Matthew Rheingold — a partner at the law firm of Einhorn Barbarito, Frost & Botwinick PC, where his focus includes wills, trusts and estates, and taxation — said he’s working with many clients “to prepare basic documents like trust agreements now, although we’ll wait to fund them once the details of the president’s tax plans get ironed out.”

He’s concerned though, that owners of certain businesses, including ones structured as sole proprietorships, partnerships or other “pass-through” entities — where profits and losses generally flow through to owners or members and are taxed at their individual income tax rate — may be in for a bigger tax bill.
“If President Biden follows through on his planned repeal of the QBI deduction [which currently enables certain small-business owners and others to deduct up to 20% of their qualified business income from being taxed at the federal level] for people with taxable income in excess of $400,000, it could be a big hit,” he said.

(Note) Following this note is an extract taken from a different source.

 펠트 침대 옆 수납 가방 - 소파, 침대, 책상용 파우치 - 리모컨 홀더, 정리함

But the news isn’t all bad. Residents of New Jersey and certain other high-tax states could get a “huge” break if Biden is able to eliminate the $10,000 cap on state and local tax deductions from the 2017 Tax Cuts and Jobs Act, he added.
Prepare, don’t react
For estates, flexibility is crucial, advises Claire Toth, managing principal and senior wealth strategist at Peapack Private Wealth Management. “If you can delay making irrevocable decisions until all the facts are known, that’s ideal. Techniques like disclaimer trusts and flexible QTIP [qualified terminable interest property trust] elections can defer decisions about which spouse owns which assets until after the first death. A spousal limited access trust can move assets out of the estate while keeping them available to the donors.”

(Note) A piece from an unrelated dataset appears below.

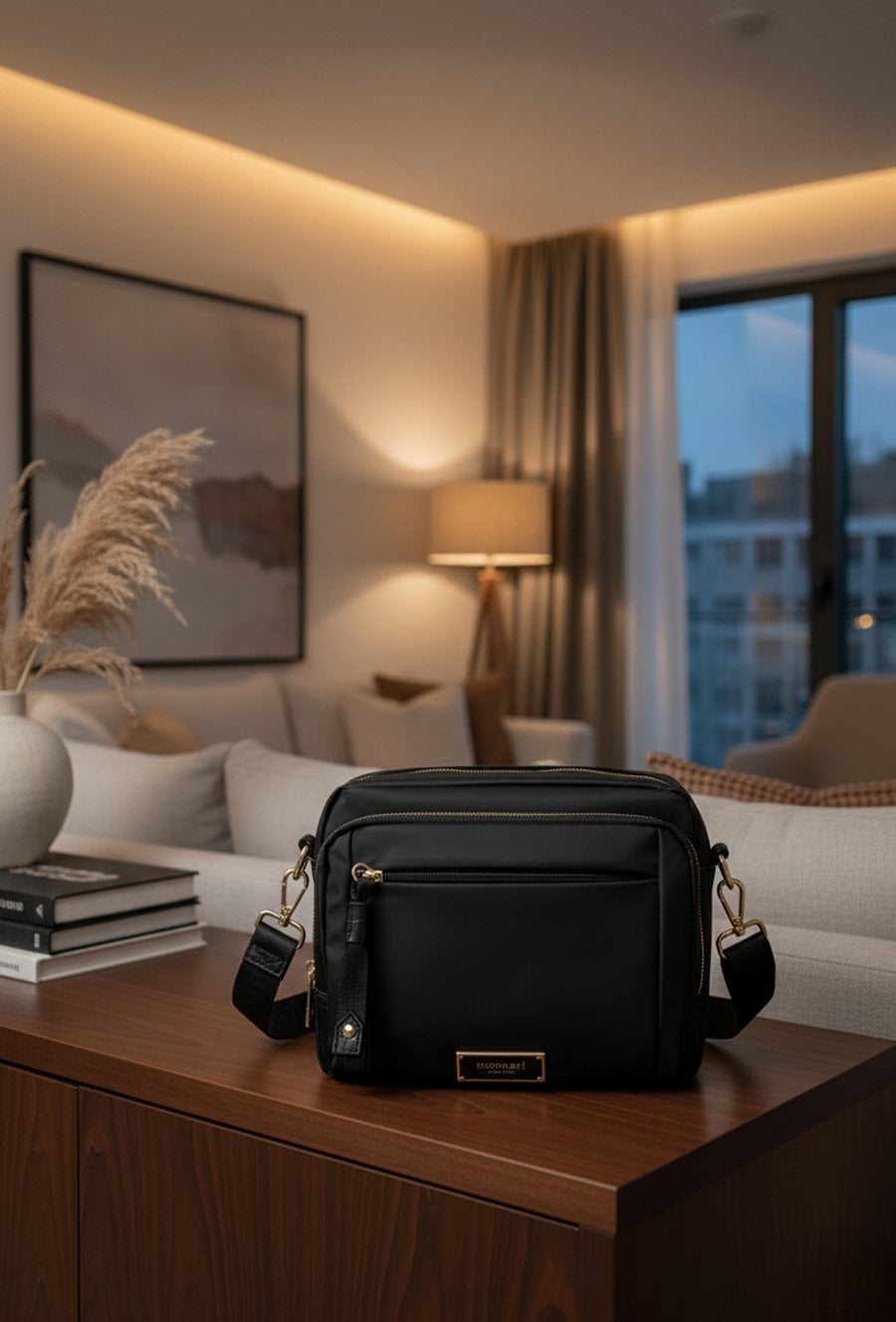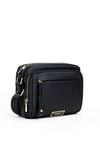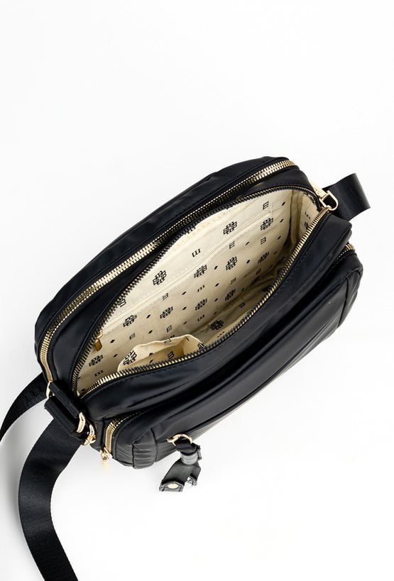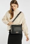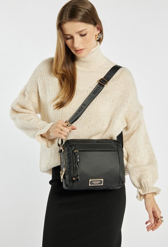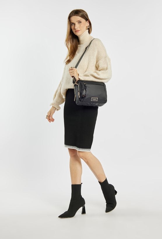 Pojemna torba damska o funkcjonalnym designie, zawieszona na regulowanym pasku, który umożliwia wygodne noszenie na co dzień. Model dwukomorowy, wykończony jasnymi, logowanymi podszewkami, wyposażony w praktyczne kieszonki wewnętrzne ułatwiające organizację. Dodatkowym atutem są dwie przednie kieszenie zapinane na suwak. Torebkę należy przechowywać w dołączonym woreczku. Wymiary: 25 cm x 23 cm x 13 cm.

“The biggest possible estate tax change may be what happens to unrealized appreciation at death,” she added. “Under current law, most assets get a new tax basis equal to then fair market value. One possible change is no basis adjustment. Another is to tax all that appreciation at death. Either would roil the entire estate planning landscape. “
And “what happens to the basis of non-publicly traded assets like private businesses, real estate, and family farms?” she asked. “Creating a taxable event at death would require a new level of estate planning. It’s far better to prepare than react.”